US Prime Auto Loan ABS Improve to Pre-Crisis 2007 Levels

Location: New York
Author: John Bella
Date: Friday, May 21, 2010
 

The strong seasonal benefits of tax refunds and better recovery rates on repossessed vehicles have led to a 30% decline in delinquencies and losses on U.S. prime auto loan ABS through the first four months of 2010, according to Fitch Ratings.

Fitch's 60+ day delinquency index fell 20% in April, while annualized net losses (ANL) improved by 15% posting the third consecutive monthly decline, both over March levels. The strong performance in the prime sector marks the first time the indices returned to pre-crisis levels, while the subprime sector exhibited similar trends.

'Stabilizing economic and consumer fundamentals along with further amortization of weaker 2007 and 2008 vintages are all benefiting auto ABS,' said Director Ben Tano. 'Additionally, strong used vehicle values led to annualized net losses shrinking to their lowest levels in over two years.'

Annualized net losses (ANL) fell by 50% to 1.05% in April from 2.09% a year ago, representing the lowest level for ANL since third quarter-2007. Further, the strong 2009 vintage securitized collateral is producing much lower loss rates than in the past ten years, contributing to better performance overall.

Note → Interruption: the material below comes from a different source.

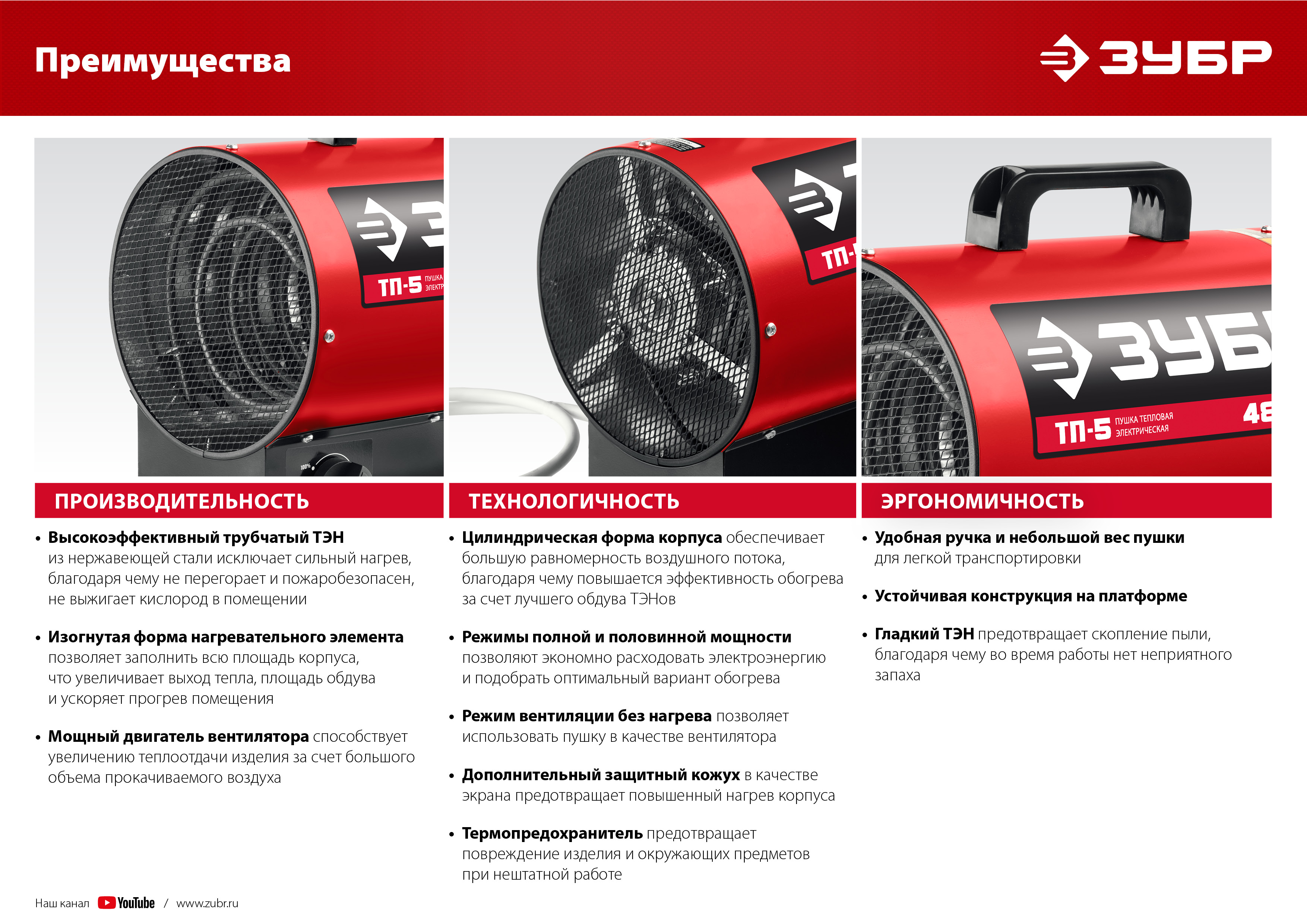 • Цилиндрическая форма корпуса для большей равномерности воздушного потока, благодаря чему повышается эффективность обогрева за счет лучшего обдува ТЭНов

Fitch's prime 60+ days delinquency index posted a decrease of 20% in April from March, dropping to 0.51%, 13.6% lower than the same period in 2009 and the lowest level since June 2007. Tax returns benefited the consumer with average refunds through April 30 up 8% from the previous record year in 2009. Despite the seasonal strength, delinquencies and loss frequency will continue to remain a concern for auto ABS transactions. With unemployment at 9.9% and other economic and consumer issues lingering in the U.S. economy, Fitch expects a slow recovery with continued elevated unemployment through the remainder of this year.

Ratings performance in 2010 and the outlook for the remainder of the year, continues to be stable. To date, Fitch has issued 12 upgrades in 2010 through mid-May, versus eight through May 2009. Fitch would expect positive rating actions to pick up pace given the improved level of performance in the prime sector this year relative to 2009 and 2008.

In the subprime sector, 60+ day delinquencies fell 16.4% in April to 2.86%, the lowest level in two years. Subprime ANL fell 6.3% to 6.56%, returning to levels last seen in mid-2008.

Improvements in the auto ABS sector have coincided with the positive momentum present in the automobile manufacturer market. New vehicle sales volumes are rising while costs are down and low inventories have granted manufacturers greater pricing power. As a result, the financial strength of the auto industry is improving with most manufacturers together with their captive finance arms posting profits in the first quarter of 2010. Fitch upgraded the long-term Issuer Default Ratings of Ford Motor Company and its subsidiary Ford Motor Credit Company (as the ratings are linked) to 'B' from 'B-', with a Positive Outlook in late April. Additionally, Fitch upgraded Hyundai Motor Company and Kia Motors's long-term IDR to 'BBB-' from 'BB+' on May 9.

Fitch's indexes track approximately $55.9 billion worth of prime and subprime auto loan ABS. Of this total, 86% are prime loans while the remaining are subprime loans, all issued from over 100 ABS transactions.